BasisBijbel

1 Koningen 1:18-28 BasisBijbel (BB)

18. Maar nu is Adonia koning geworden en u weet het niet eens.

19. Hij heeft grote aantallen koeien, geiten en schapen geslacht. Al uw zonen, de priester Abjatar en aanvoerder Joab zijn uitgenodigd [ voor het kroningsfeest ]. Alleen Salomo heeft hij niet uitgenodigd.

20. Maar Israël verwacht dat ú hun zal zeggen wie er na u koning zal zijn.

21. Als u niets doet, zullen mijn zoon Salomo en ik als opstandelingen worden gedood, zodra u bent gestorven."
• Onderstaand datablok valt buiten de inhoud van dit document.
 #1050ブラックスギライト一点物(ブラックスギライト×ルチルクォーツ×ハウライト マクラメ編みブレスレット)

22. Terwijl ze met de koning hierover sprak, kwam de profeet Natan naar de koning.

23. Een dienaar kwam de koning zeggen: "De profeet Natan is er." Toen Natan bij de koning was gekomen, boog hij diep.
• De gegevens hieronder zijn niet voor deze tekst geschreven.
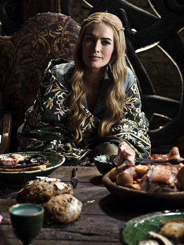 Серсея на пиру в Винтерфелле, восседает за грубым деревянным столом заставленным в основном мясными блюдами.
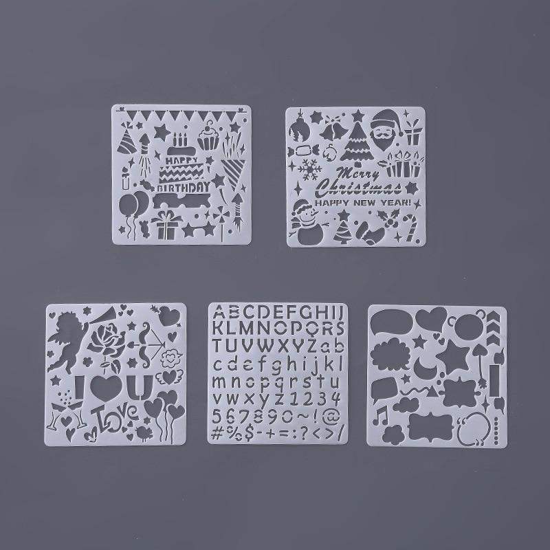 5Pcs/Set Children's Ruler Cutout Painting Template Hand Account Album Theme Lace Ruler Drawing Board Stencil Decoration Tools For Kids Drawing Education Toy
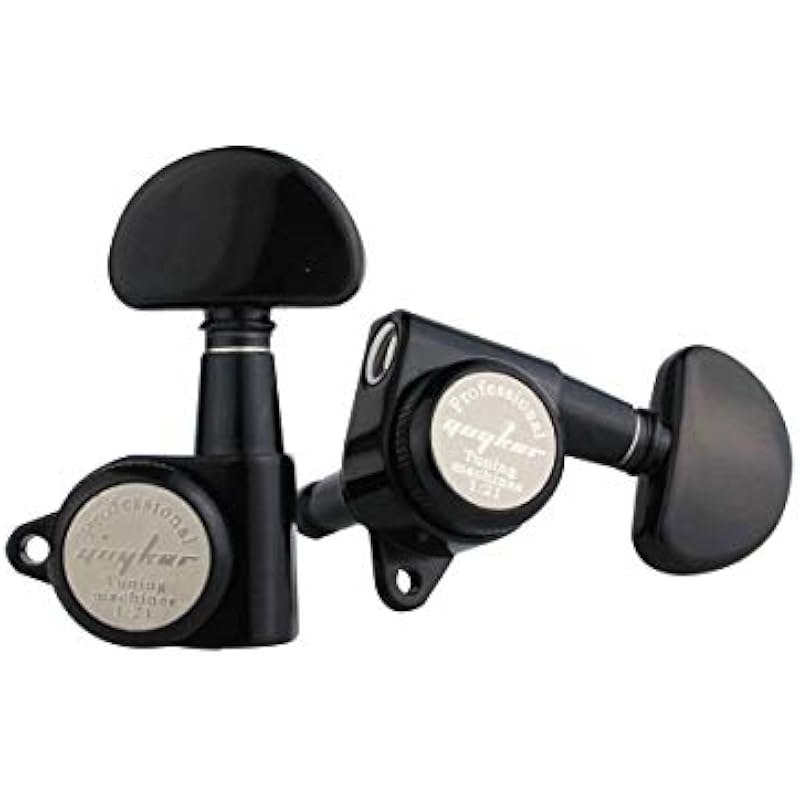 Guyker 6Pcs Guitar Locking Tuners (3L + 3R Handed) – 1:21 Lock String Tuning Key Pegs Machine Heads with Half-Circle Handle Replacement for LP SG Style Electric, Folk or Acoustic Guitars – Black
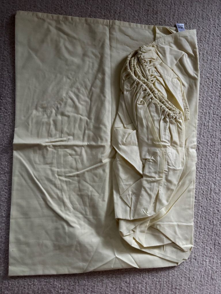 One single valance, one single plain yellow fitted sheet one single duvet cover, three Oxford pillowcases and one cushion cover

24. En hij zei: "Mijn heer de koning, heeft ú gezegd dat Adonia na u koning moet worden?

25. Want hij heeft vandaag grote aantallen koeien, schapen en geiten geslacht voor een feest. Hij heeft al uw zonen, de aanvoerders van het leger en de priester Abjatar uitgenodigd. Ze zijn nu samen aan het eten en drinken en roepen: 'Leve koning Adonia!'

26. Maar ik, de priester Zadok, Benaja en Salomo zijn niet uitgenodigd.

27. Als u dit zo heeft geregeld, waarom heeft u het dan niet tegen mij gezegd?"

28. Toen zei de koning: "Roep Batseba weer binnen." Ze kwam weer binnen en bleef voor de koning staan.